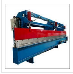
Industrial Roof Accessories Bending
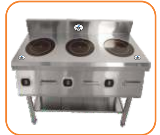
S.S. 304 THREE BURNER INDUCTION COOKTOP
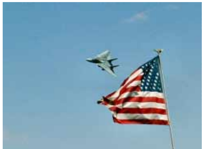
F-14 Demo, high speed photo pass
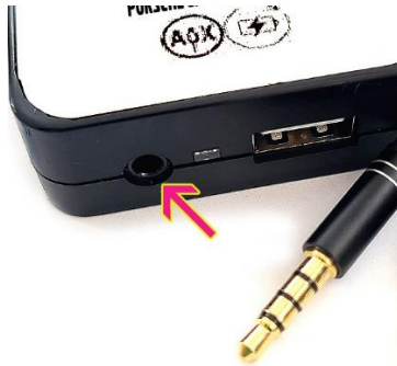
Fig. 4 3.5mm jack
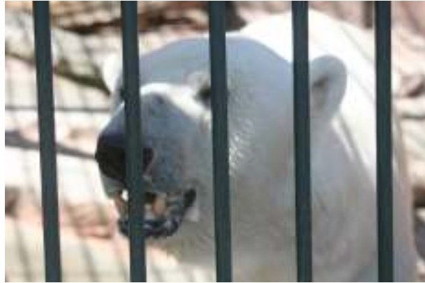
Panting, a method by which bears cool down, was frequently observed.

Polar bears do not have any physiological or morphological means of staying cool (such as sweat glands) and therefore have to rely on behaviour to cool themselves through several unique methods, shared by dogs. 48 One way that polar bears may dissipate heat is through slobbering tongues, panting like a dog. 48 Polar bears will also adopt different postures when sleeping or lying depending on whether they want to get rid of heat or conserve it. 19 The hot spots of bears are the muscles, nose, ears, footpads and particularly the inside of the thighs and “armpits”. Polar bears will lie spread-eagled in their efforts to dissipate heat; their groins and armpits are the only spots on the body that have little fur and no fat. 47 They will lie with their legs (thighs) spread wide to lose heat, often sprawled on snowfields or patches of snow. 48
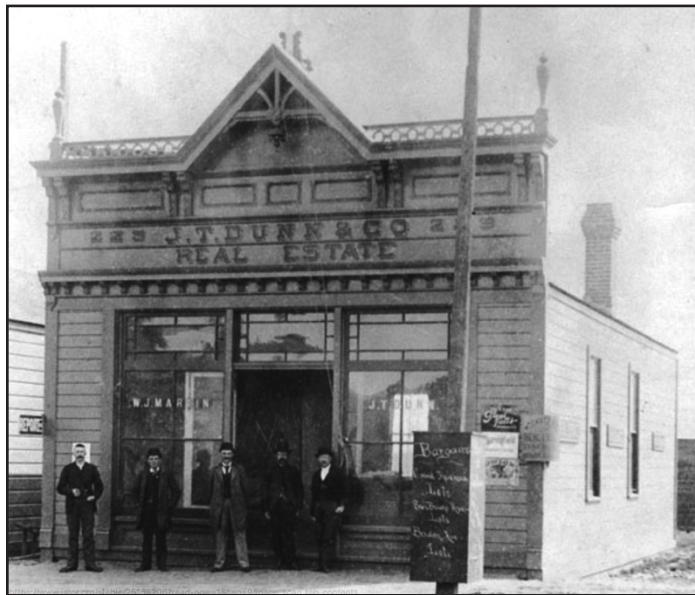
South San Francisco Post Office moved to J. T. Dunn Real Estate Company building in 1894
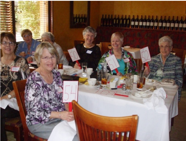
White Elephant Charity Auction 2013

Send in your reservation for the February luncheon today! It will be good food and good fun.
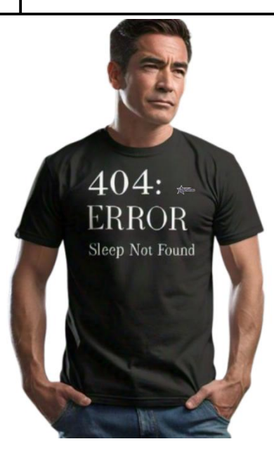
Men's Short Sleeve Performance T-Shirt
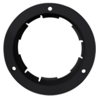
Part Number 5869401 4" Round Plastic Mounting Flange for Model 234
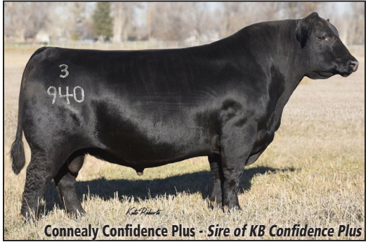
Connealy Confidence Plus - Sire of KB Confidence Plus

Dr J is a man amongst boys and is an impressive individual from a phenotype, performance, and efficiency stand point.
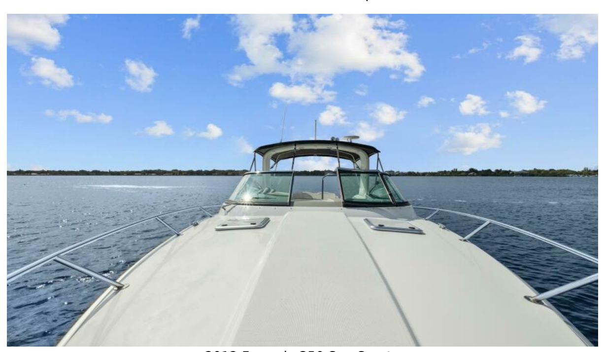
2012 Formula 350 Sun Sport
-- -- --
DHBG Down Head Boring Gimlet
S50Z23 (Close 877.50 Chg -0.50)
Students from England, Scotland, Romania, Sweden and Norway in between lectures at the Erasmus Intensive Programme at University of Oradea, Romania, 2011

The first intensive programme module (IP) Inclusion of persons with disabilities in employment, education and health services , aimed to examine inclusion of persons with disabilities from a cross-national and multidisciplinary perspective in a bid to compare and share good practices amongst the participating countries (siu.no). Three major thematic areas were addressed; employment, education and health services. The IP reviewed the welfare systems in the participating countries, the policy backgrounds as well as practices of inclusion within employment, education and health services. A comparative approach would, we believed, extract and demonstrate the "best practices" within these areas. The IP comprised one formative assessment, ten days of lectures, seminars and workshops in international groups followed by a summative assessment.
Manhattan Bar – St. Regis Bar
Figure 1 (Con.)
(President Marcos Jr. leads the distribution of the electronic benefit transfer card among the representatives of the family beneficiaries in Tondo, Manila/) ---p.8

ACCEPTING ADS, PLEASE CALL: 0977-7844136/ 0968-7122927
-- -- --
EXERCISE BRIEF:
Give back the exact lines above, running from the one that has "Polar bears do" through the one that has "2012 Formula 350 Sun Sport", with nothing added and no pictures.

RESULT:
Polar bears do not have any physiological or morphological means of staying cool (such as sweat glands) and therefore have to rely on behaviour to cool themselves through several unique methods, shared by dogs. 48 One way that polar bears may dissipate heat is through slobbering tongues, panting like a dog. 48 Polar bears will also adopt different postures when sleeping or lying depending on whether they want to get rid of heat or conserve it. 19 The hot spots of bears are the muscles, nose, ears, footpads and particularly the inside of the thighs and “armpits”. Polar bears will lie spread-eagled in their efforts to dissipate heat; their groins and armpits are the only spots on the body that have little fur and no fat. 47 They will lie with their legs (thighs) spread wide to lose heat, often sprawled on snowfields or patches of snow. 48
South San Francisco Post Office moved to J. T. Dunn Real Estate Company building in 1894
White Elephant Charity Auction 2013

Send in your reservation for the February luncheon today! It will be good food and good fun.
Men's Short Sleeve Performance T-Shirt
Part Number 5869401 4" Round Plastic Mounting Flange for Model 234
Connealy Confidence Plus - Sire of KB Confidence Plus

Dr J is a man amongst boys and is an impressive individual from a phenotype, performance, and efficiency stand point.
2012 Formula 350 Sun Sport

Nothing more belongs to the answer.